According to Levinson, much of the new season is inspired by westerns. “You know, the themes of good and evil, freedom, its consequences,” he told The New York Times. “Also this feeling that at any second, you can die.” Still, there’s no fight for justice in a lawless town (like in High Noon) or any mission for revenge (Once Upon a Time in the West). Much more as with Once Upon a Time… in Hollywood, there’s just a feeling that everyone is vying for a twisted, modern version of manifest destiny that’s right outside their reach. Levinson’s America remains a gold mine of opportunity as long as you’re not afraid to get your hands dirty, and many of his characters are perfectly happy to play within those margins.

Rue does receive support to get her life back on track from both her childhood friend Lexi and her sponsor, Ali Muhammed (Colman Domingo). But their advice isn’t too actionable for what she’s cooked up. The clueless Lexi tells Rue to set a five-year plan, while Ali tells her to give reading the Bible a try. Then, when Rue attempts to escape Laurie’s grasp by meeting another powerful pusher named Alamo (Adewale Akinnuoye-Agbaje), it feels like she’s only trading one hell for another. If you find yourself asking, What are we doing here? I can comfortably assure you that you’re not alone.

sydney sweeney euphoria season 3

HBO

Sweeney was amazing in Euphoria season 2. But in the season 3 premiere? It’s tough to watch.

In a press release ahead of the premiere, Levinson shared a bit about why he wanted to return for another season. According to the TV creator, season 3 was born out of how much Angus Cloud’s death deeply affected him. “With addiction, you’re supposed to be prepared for the loss of someone struggling, but his death stirred an anger—not only for him but for the many young lives in America cut short by fentanyl,” he wrote. “This season became my way to honor Angus and all the kids who weren’t offered a second chance.”

If Euphoria season 3 is that second chance, then I can only hope Levinson makes the most of it. The world he’s concocted for these characters is a hollow purgatory where humanity’s horrid impulses reign. Season 2 played out as if every character constantly looked at a decision tree and picked the worst possible option. Rue is clearly taking the second-chance idea to heart the most so far. But for most of Levinson’s other characters, second chances can’t come, because they haven’t learned anything from their first.

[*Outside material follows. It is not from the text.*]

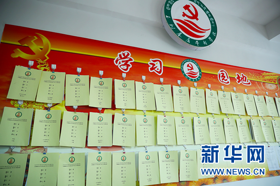 玉樹州基層干部學院學習園地展示著學員們的學習心得。新華網(wǎng)記者焦鵬攝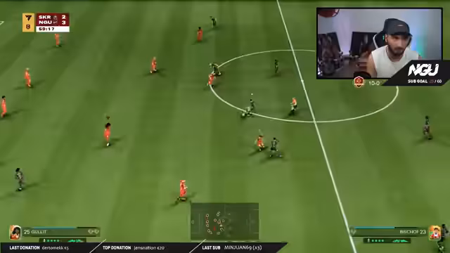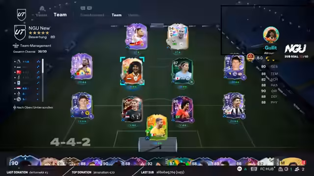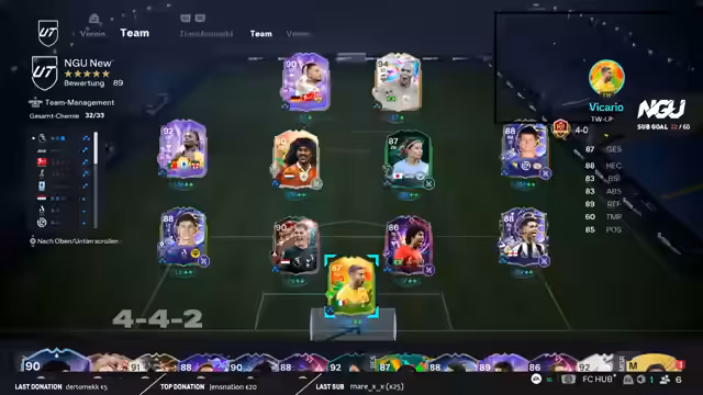 01:47:39Der Einstieg in die Weekend League gestaltet sich schwierig und unbefriedigend. Der Streamer beschreibt seine Performance als kraftlos und unaufmerksam, obwohl er über ein starkes Squad verfügt. Er gibt an, im Gegensatz zu Turnierspielen keinen konzentrierten Fokus finden zu können und macht häufige Fehler im Passspiel und im Abschluss. Als Reaktion wechselt er mehrfach die Formation zwischen 4-4-2 und 4-5-1, um eine stabilere defensive Grundlage zu schaffen.

Adewale Akinnuoye-Agbaje euphoria season 3

HBO

Adewale Akinnuoye-Agbaje is an immediate standout as Alamo.

Based on early reviews of the season so far, it appears I’m a little more optimistic about this road ahead than my peers are. Episode 1 reminds viewers why we were so drawn to the series in the first place—from the campy relationship drama to the barely watchable gross-out trauma of the drug trade. I’m down for the ride. Hell, to even hate-watch Euphoria is a better hour than anything else on TV that we tune in to just to see how it plays out.

My only guess is that Levinson plans to borrow a page from spaghetti westerns like A Few Dollars More and have Rue provoke both sides until they kill each other. Hopefully she finds freedom out of it in a way that doesn’t just show her packing up and moving on to the next town like Clint Eastwood. Euphoria needs to end its journey by mining some real depth from the hearts of its characters, lest the series close the curtains by proving that it’s just as vapid as everyone says it is. But Rue won’t go out without taking a swing, and neither will Euphoria.